Rolling Updates for Machine Learning Models in Kubernetes

Question

Pulumi · Accepted Answer

Rolling updates are a crucial feature for deploying updates to machine learning models in Kubernetes with minimal downtime. The concept of a rolling update is to slowly replace pods of the previous version of your deployment with pods of the new version without taking down your service. By managing the number of pods that are taken down in parallel and slowly bringing up new pods with the new version, a rolling update avoids downtime.

To perform a rolling update of a machine learning model in Kubernetes using Pulumi, you need a model packaged into a container image, a Kubernetes Deployment resource that specifies the desired state of your application, and a strategy for updating the pods.

Here is how you would do a rolling update using Pulumi:

1. **Define the New Model Version**: Package your new machine learning model into a container image and push it to a container registry.
2. **Update the Deployment**: Modify your Kubernetes Deployment resource to use the new container image.
3. **Rolling Update Strategy**: Specify the `strategy.type` as `RollingUpdate` and define `rollingUpdate` parameters such as `maxUnavailable` and `maxSurge` in your Deployment resource.
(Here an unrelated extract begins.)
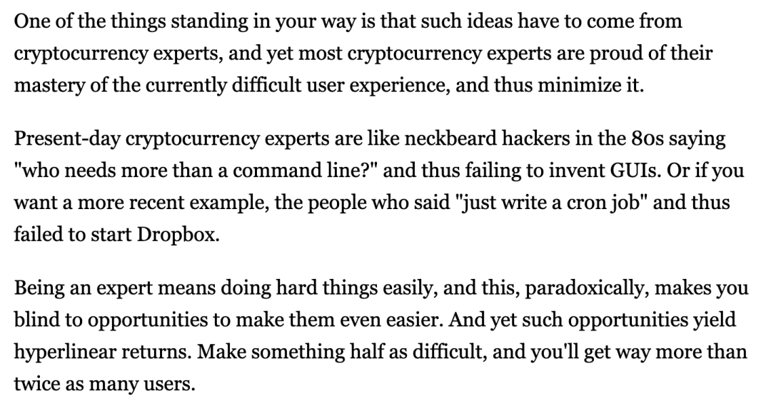 我们再退一万步说,Web3 的未来是理想的。那也可以看看目前 Web3 的骨感现实。在这方面,完全可以参考 Moxie Marlinspike 的这篇知名的文章:《My first impressions of web3》。

The following program will first create a Kubernetes Deployment with an initial version of a machine learning model. It sets a rolling update strategy, and then updates the deployment with a new version of the model:

```python
import pulumi
import pulumi_kubernetes as k8s

# Configuration for the deployment
app_labels = {"app": "ml-model"}
model_image_version_1 = "myregistry/model:v1"
model_image_version_2 = "myregistry/model:v2"
deployment_name = "ml-model-deployment"

# Create a Kubernetes Deployment with the first version of the model
ml_model_deployment_v1 = k8s.apps.v1.Deployment(deployment_name,
    metadata={
        "name": deployment_name,
    },
    spec={
        "selector": {
            "matchLabels": app_labels
        },
        "replicas": 2,
        "template": {
            "metadata": {
                "labels": app_labels
            },
            "spec": {
                "containers": [{
                    "name": "ml-model",
                    "image": model_image_version_1,
                }]
            }
        },
        "strategy": {
            "type": "RollingUpdate",
            "rollingUpdate": {
                "maxUnavailable": 1,
                "maxSurge": 1,
            },
        },
    })

# Perform a rolling update by updating the deployment to use the second version of the model
ml_model_deployment_v2 = k8s.apps.v1.Deployment(deployment_name,
    metadata={
        "name": deployment_name,
    },
    spec={
        "selector": {
            "matchLabels": app_labels
        },
        "replicas": 2,
        "template": {
            "metadata": {
                "labels": app_labels
            },
            "spec": {
                "containers": [{
                    "name": "ml-model",
                    "image": model_image_version_2,  # Updated image version
                }]
            }
        },
        "strategy": {
            "type": "RollingUpdate",
            "rollingUpdate": {
                "maxUnavailable": 1,  # Maximum number of pods that can be unavailable during the update
                "maxSurge": 1,  # Maximum number of pods that can be created over the desired number of pods
            },
        },
    })

# Export the Deployment name
pulumi.export("deployment_name", ml_model_deployment_v1.metadata["name"])
```

Here's a step-by-step explanation of the code above:

- We import the necessary Pulumi packages for Kubernetes.
- We define configuration variables such as app labels, the container image for our model, and the deployment name.
- We create a Kubernetes `Deployment` with the first version of the model image.
- We define our `RollingUpdate` strategy, specifying the `maxUnavailable` and `maxSurge` parameters.
- We update the deployment with the second version of the container image, triggering a rolling update.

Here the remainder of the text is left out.